Comparison jokes
Scissoring is nice when I grind my wee wee on my wife’s clit.
Humping that little guy is like riding a wet butt plug.
Apparently there was a woman from Australia who had sex with 500 men in one day.
That's like a real life "Your mom" joke.
1, 2 you built like a dork.
3, 4 you got no girl, 4, 5 you're shorter than a remote.
Your forehead is so big, I thought it was Mount Chiliad.
You wanna know the difference between a rake and your mom? The rake is actually useful.
Memes
What is the difference between an emo kid and a jug of milk?
The milk doesn't hang itself after it gets dumped.
Your hairline is so bad that KSI's hairline actually looks normal.
Personally, I think putting beans on toast is better than bullets in children.
What does Biden do? He does you.
What does do something useful unlike you?
You call me ugly, but maybe that is why we look alike.
You're a copycat from Ballarat You smell like a rat, you wear a hat and you are shaped like a baseball bat.
Song by John Rizk
You're as tall as a giraffe.
Well, that's why you look like a baked bean!

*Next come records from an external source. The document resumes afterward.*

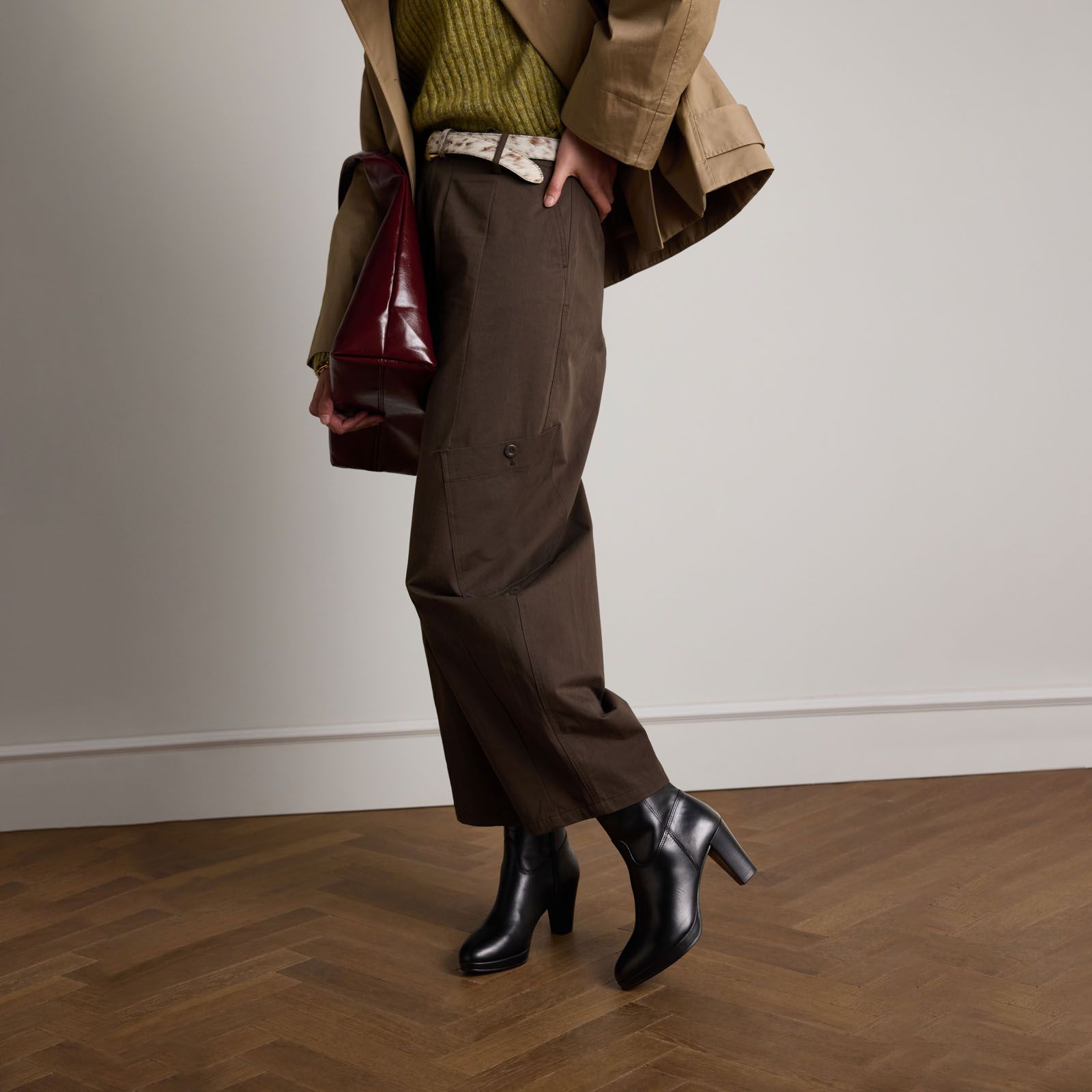 Schwarze Leder-Stiefeletten der Marke No Stress. Die Stiefeletten haben einen 7 cm hohen Absatz, einen Reißverschluss und das für die Marke typische Fußbett aus Memory Foam. Als Schuhpflege empfehlen wir das Carbon Pro-Spray von Collonil.
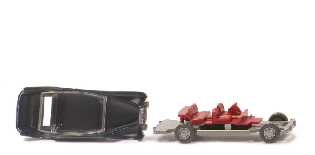 Präzise die Vorserie B aus dem GK. Das Chassis hat keine Bodenprägung. Die Inneneinrichtung ist noch auf 2 PKW-Rädern verklebt. Keine Haltestifte für die Karosserie.
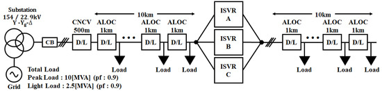 consists of 20 km. The distribution line was divided into 20 sections and a 0.5 MVA load was connected every 1 km. The total load of the distribution line is an inductive load of 10 MVA at a heavy load and 2.5 MVA at a light load, and both have a load power factor of 0.9. The components and parameters of the model distribution systems are as shown in

What's the difference between a knife and me?
One has a point.
Yo mama jokes are so old, like your mom.
The only thing longer than the Great Wall of China is your hairline.
"Float like a butternut, sting like a bee."
My dad was a master of art. He was compared to Houdini due to his skill of disappearing.
"Can I throw you away? You look like my trash can. Oh, wait, you *are* my trash can."
You are so cat.
Your forehead is so big, you look like Megamind but with no superpower, just a big forehead!